Admittedly, the game came into the word with very high expectations because the film it's licensed from isn't simply beloved in the nerd world, it's almost single-handedly the inspiration for the entire first-person-shooter genre. If you can't make a hell of a game out of Aliens -- if you can't make people positively thrilled from start-to-finish at the notion and act of lighting up a room full of aliens with a pulse rifle while trying to keep yourself and your fellow marines from becoming human incubators -- you don't deserve to be part of the industry. Well, guess what? Gearbox didn't make a hell of a game out of Aliens; it made a barely adequate one. Worse, it sent a product that cost millions and was delayed over and over again to market with significant bugs that still needed to be ironed out and an overall look that's, in a word, ugly.

And this wasn't the way it was supposed to be.

At the center of the controversy, fairly or unfairly, is Randy Pitchford, president of Gearbox Software. Pitchford gets to take the considerable heat for the disappointment over the final product because he was the almost giddy voice featured in an 11 minute preview released a year-and-a-half ago that walked the public through a sample of the kind of gameplay they could presumably expect from Aliens: Colonial Marines. At the time, what Gearbox displayed was positively gorgeous. All the eeriness of the film's shadowy environments were rendered in rich detail, the motion onscreen was all flawlessly fluid and the action was thrilling. It was everything a fan of the movie that inspired it or an avid first-person-shooter enthusiast could want, and it seemed to give Gearbox a little leeway in justifying the many delays that had plagued the production, the implication being that, sure the thing was taking a long time, but that's only so they could make it perfect. But considering the look of the game upon its actual release, Pitchford has some explaining to do and he's been inundated with demands for just that. So far, the only thing he's said is that there's a lot to discuss about what happened to A:CM and he has to be very careful what he says for the moment, which could indicate that legal options are being weighed.

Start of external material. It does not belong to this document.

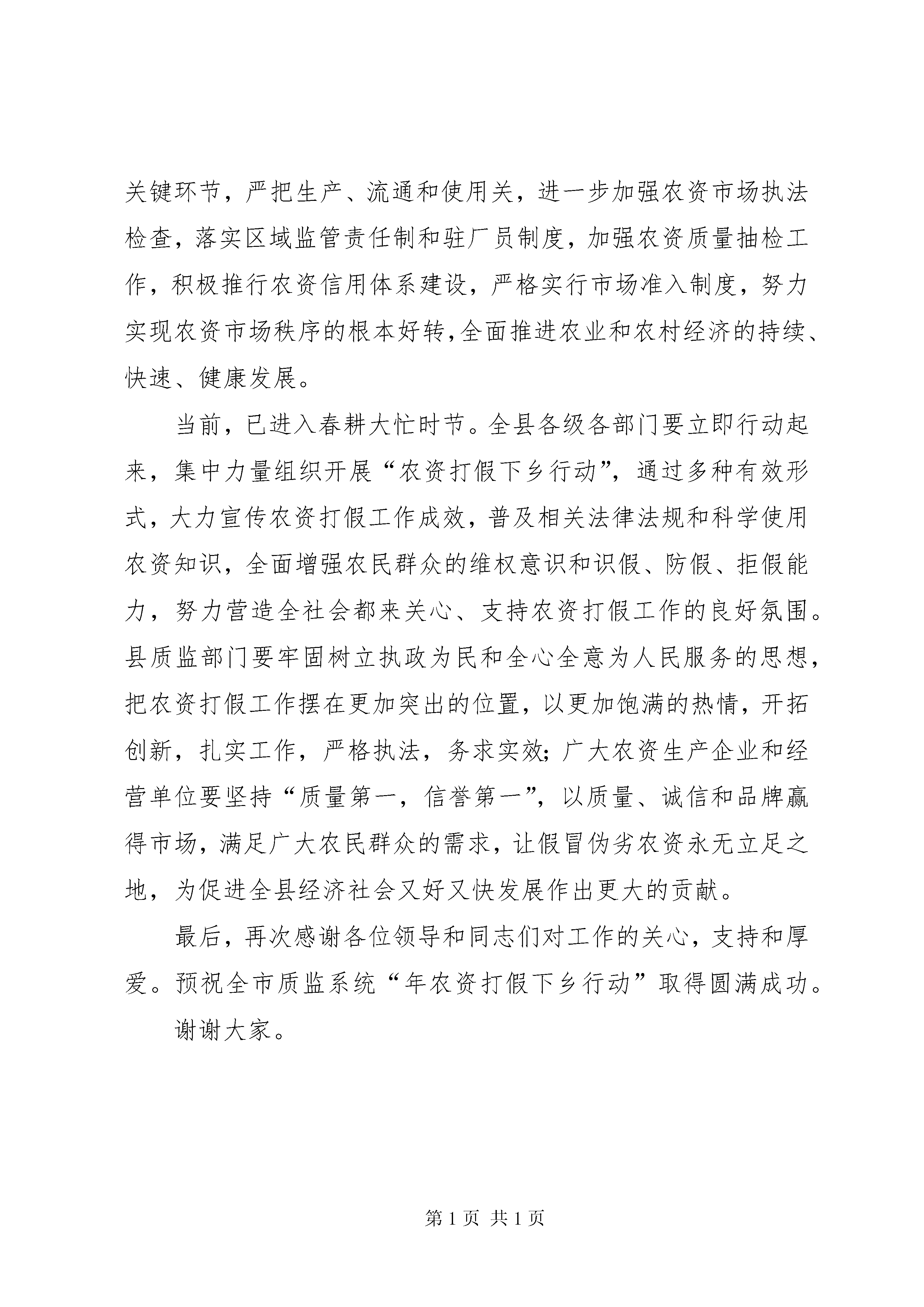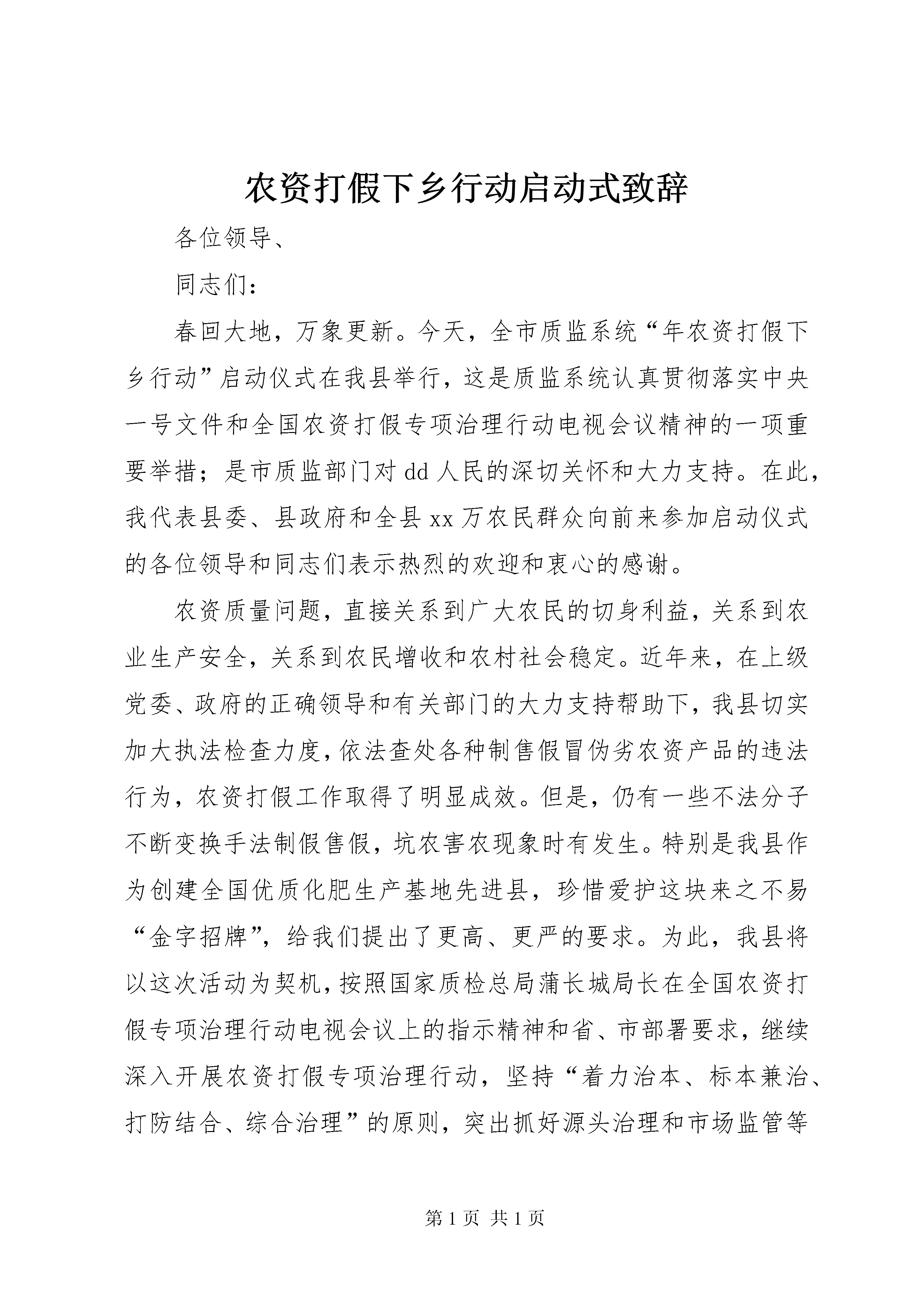 农资打假下乡行动启动式致辞各位领导、同志们:春回大地,万象更新。今天,全市质监系统“年农资打假下乡行动”启动仪式在我县举行,这是质监系统认真贯彻落实中央一号文件和全国农资打假专项治理行动电视会议精神的一项重要举措;是市质监部门对dd人民的深切关怀和大力支持。在此,我代表县委、县政府和全县xx万农民群众向前来参加启动仪式的各位领导和同志们表示热烈的欢迎和衷心的感谢。农资质量问题,直接关系到广大农民的切身利益,关系到农业生产安全,关系到农民增收和农村社会稳定。近年来,在上级党委、政府的正确领导和有关部门的大力支持帮助下,我县切实加大执法检查力度,依法查处各种制售假冒伪劣农资产品的违法行为,农资打假工作取得了明显成效。但是,仍有一些不法分子不断变换手法制假售假,坑农害农现象时有发生。特别是我县作为创建全国优质化肥生产基地先进县,珍惜爱护这块来之不易“金字招牌”,给我们提出了更高、更严的要求。为此,我县将以这次活动为契机,按照国家质检总局蒲长城局长在全国农资打假专项治理行动电视会议上的指示精神和省、市部署要求,继续深入开展农资打假专项治理行动,坚持“着力治本、标本兼治、打防结合、综合治理”的原则,突出抓好源头治理和市场监管等关键环节,严把生产、流通和使用关,进一步加强农资市场执法检查,落实区域监管责任制和驻厂员制度,加强农资质量抽检工作,积极推行农资信用体系建设,严格实行市场准入制度,努力实现农资市场秩序的根本好转,全面推进农业和农村经济的持续、快速、健康发展。当前,已进入春耕大忙时节。全县各级各部门要立即行动起来,集中力量组织开展“农资打假下乡行动”,通过多种有效形式,大力宣传农资打假工作成效,普及相关法律法规和科学使用农资知识,全面增强农民群众的维权意识和识假、防假、拒假能力,努力营造全社会都来关心、支持农资打假工作的良好氛围。县质监部门要牢固树立执政为民和全心全意为人民服务的思想,把农资打假工作摆在更加突出的位置,以更加饱满的热情,开拓创新,扎实工作,严格执法,务求实效;广大农资生产企业和经营单位要坚持“质量第一,信誉第一”,以质量、诚信和品牌赢得市场,满足广大农民群众的需求,让假冒伪劣农资永无立足之地,为促进全县经济社会又好又快发展作出更大的贡献。最后,再次感谢各位领导和同志们对工作的关心,支持和厚爱。预祝全市质监系统“年农资打假下乡行动”取得圆满成功。谢谢大家。
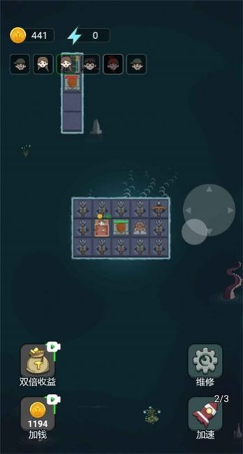3、在这里我们需要去合理移动我们的木筏,不断在这个海域上漂流。

Early on, there was debate about how much of a role Gearbox actually played in the development of the game given that there are three other studios listed in the production notes. People who understand the industry inside-out have speculated that Gearbox outsourced production of the game at some point to the second developer credited, Timegate Studios, but the resumes of at least two Timegate developers say that they worked on the game initially and then handed it off to Gearbox. Time will tell who did what and when, although we may never know the full details of how one of the most anticipated video game titles of the last few years turned into a universally panned debacle.

The only possible consolation for disappointed gamers and fans of a potential Aliens shooter franchise is the knowledge that, lousy game or not, their love of the source material has made Aliens: Colonial Marinesa decent success financially for Gearbox and Sega, at least right off the bat. Maybe somebody will get it right for the sequel.